Four Voices on Iraq
A deep talk on Diane Rehm Show with Frederick Kagan (theoretician of the Surge), Peter Galbraith (with Biden the theoretician of the soft partition), Bobby Ghosh (Time reporter), and Julian Barnes (Pentagon reporter).
First thought: Frederick Kagan admits that he thought the real threat to the surge was the Mahdi Army (i.e. Shia militias). What this shows is that Kagan has very little to no idea what is going on in Iraq and he is the thinker behind the surge.
What Kagan failed to realize is the Shia have won the government and have no reason to not let the US fight their fight and stand down during a troop surge. Kagan also says that arrests of the Mahdi Army have been going. What he doesn't admit (or know?) is that Moqtada al Sadr is using the surge to cleanse his own ranks of disloyal elements. Not exactly big time arrests. He is turning the Jaish al-Mahdi (Mahdi Army) into Hezbollah.
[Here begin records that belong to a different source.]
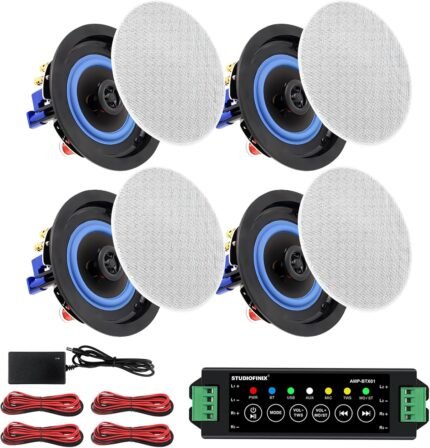 STUDIOFINIX 4 Inch Bluetooth Ceiling Speakers,320W 2-Way System, 4 Speakers, Wired Surround Sound for Living Room, Office,Kichten,Study Room,Basement,Covered Patio and Flush Mount
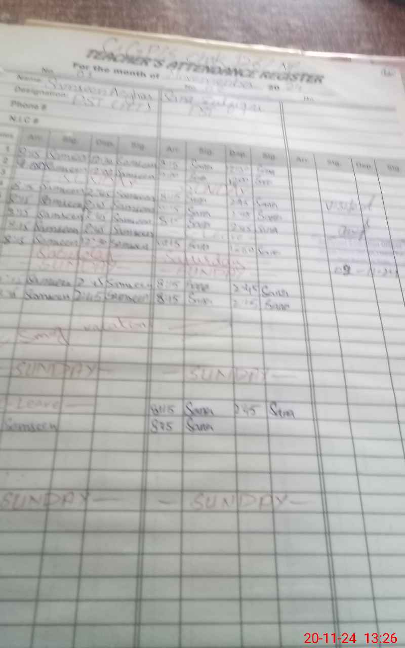 | Name: SA**** AS**** Designation: (School Headmaster's/Headmistress's) PST Phone/Cell Number: 03**** |
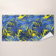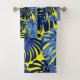 Tropical Royal Blue Yellow Monstera Jungle Leaves Bath Towel Set
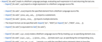 - Import["file.wdx"] reads in a Wolfram Language package, evaluating each expression in it and returning the last one.
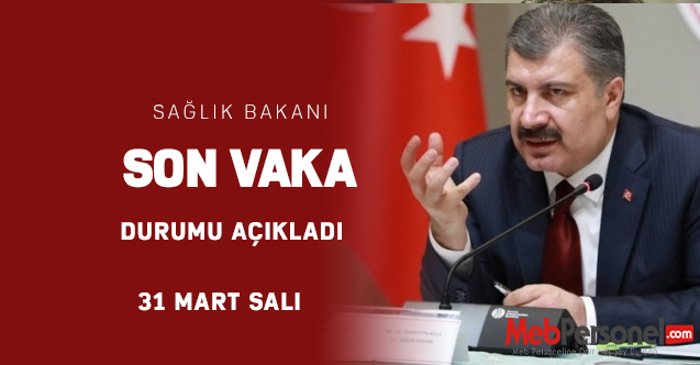 Sağlık Bakanı Koca, 31 Mart 2020 Koronavirüs Verilerini Açıkladı. Bakan Koca twitter hesabı üzerinden koronavirüste 31 Mart tarihli güncel verileri paylaştı.
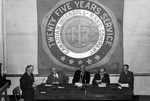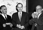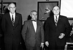 Description :AU PREMIER PLAN, TROIS RECIPIENDAIRES DE LA RECOMPENSE (SOIT UN BOUTON) PRENANT LA POSE. DE GAUCHE A DROITE: HAROLD MCCULLOGH, 35 ANS DE SERVICE; J. FOURNIER, 40 ANS DE SERVICES; NON IDENTIFIE, 45 ANS DE SERVICES. DERRIERER, TABLEAUX REPRESEN...

When the US leaves, Hezbollah in Iraq (Mahdi Army) will be the largest militia and perhaps the most organized and efficient. al-Qaeda in Iraq will vie with Sadrists for that title and it will be bloody.
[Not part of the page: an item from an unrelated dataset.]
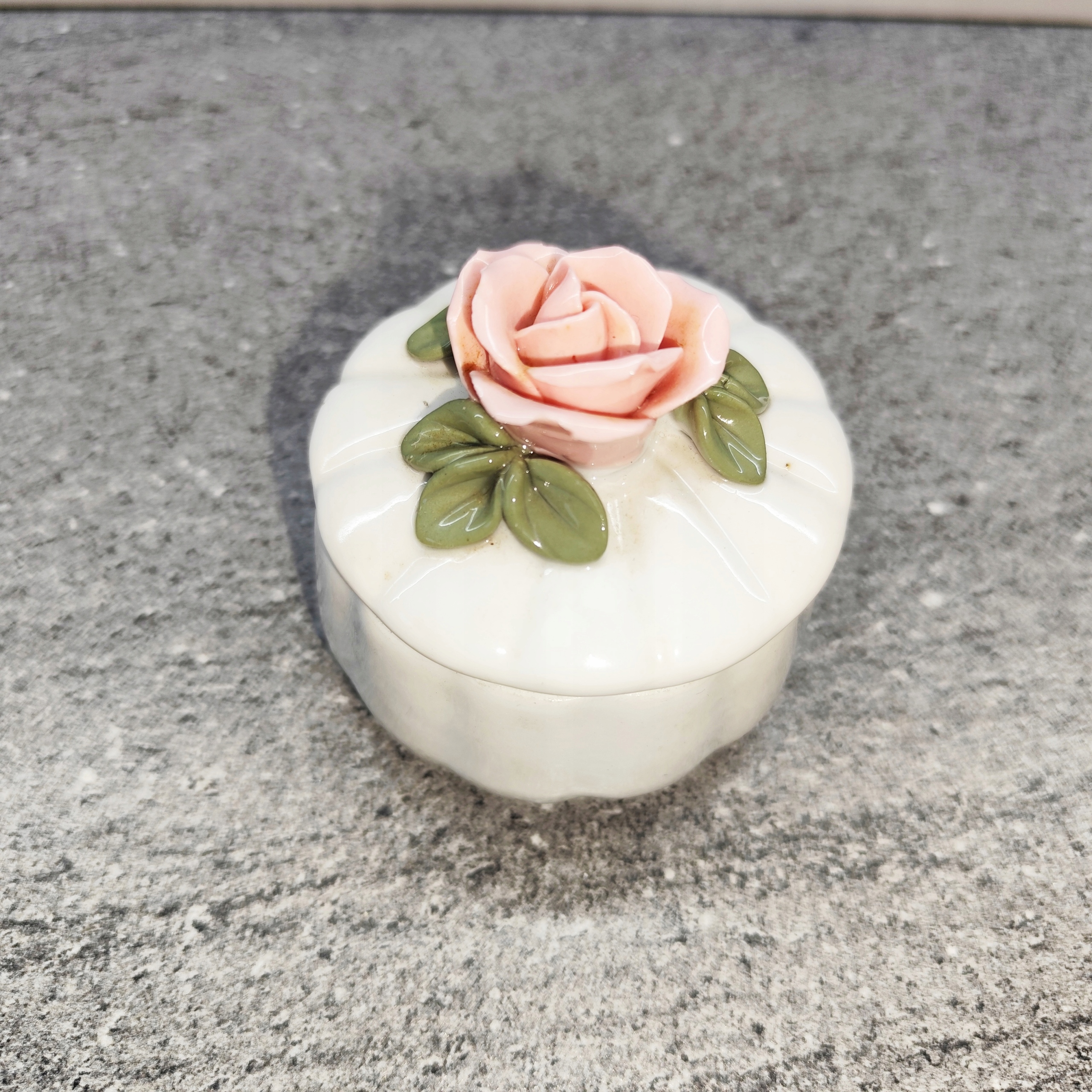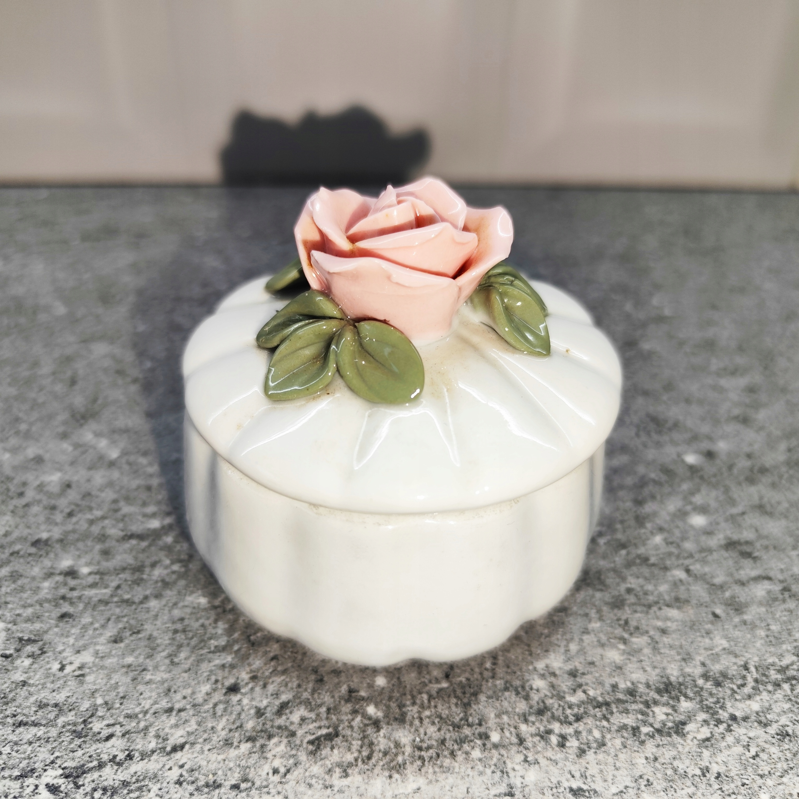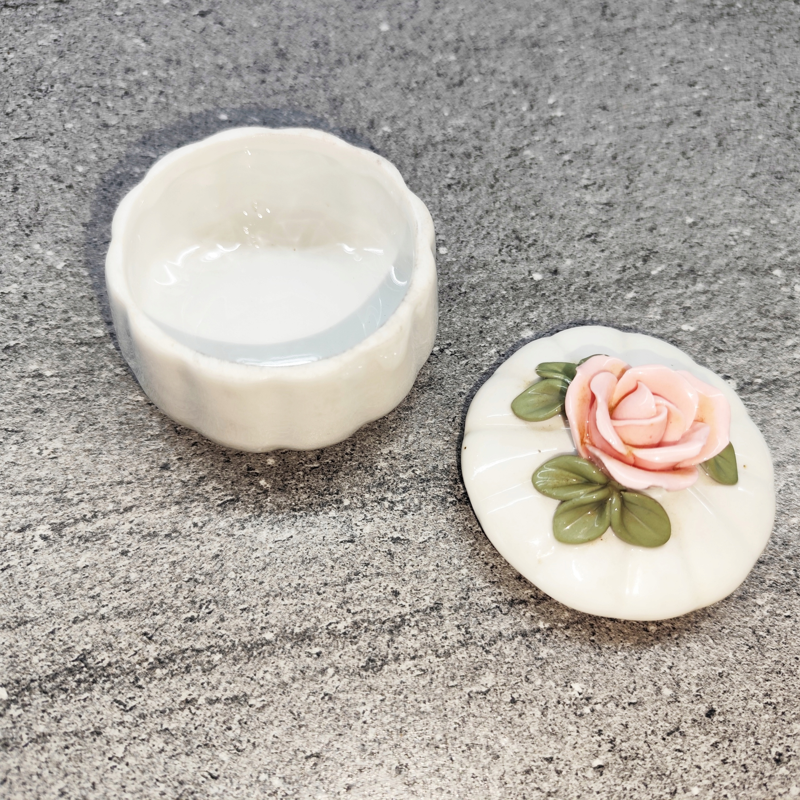 Круглая фарфоровая шкатулка с розой на крышке, старинная фарфоровая шкатулка.

Galbraith correctly (and of course) points out that the surge is useless as long as it is hitched to a failed strategy/goal---unified Iraq with strong central government. He strongly criticizes Kagan's views on how quickly the Sadr movement (Mahdi Army included) will disappear.
Listen to Bobby Ghosh. Very wise man who knows the cultures, the lands, and so forth. What he points out is that people on the ground is that once the US leaves there will be no impartial army on the ground. The Iraqi Army is a sectarian institution through and through. So is the government. It is a Shia government, army, and police. The Sunni "rejectionists" group want a fight.
People see this as only a lull in the coming uptick violence. There is no political settlement in site I'm afraid. As Ghosh says, "AQI [and the Sunnis] will continue to provoke the Shia until they get the response they want [namely the Shia rise up and an all out sectarian civil war]."
The reason I'm harsh to Kagan is that the surge assumes that the Sunni can and want to be bought in. And that a group like AQI is just an extremist group that can be fought and the Sunnis en masse will buy in. It also assumes the Shia will accept them. I see neither of these assumptions as so inaccurate.
But listen to the arguments from all on their own terms.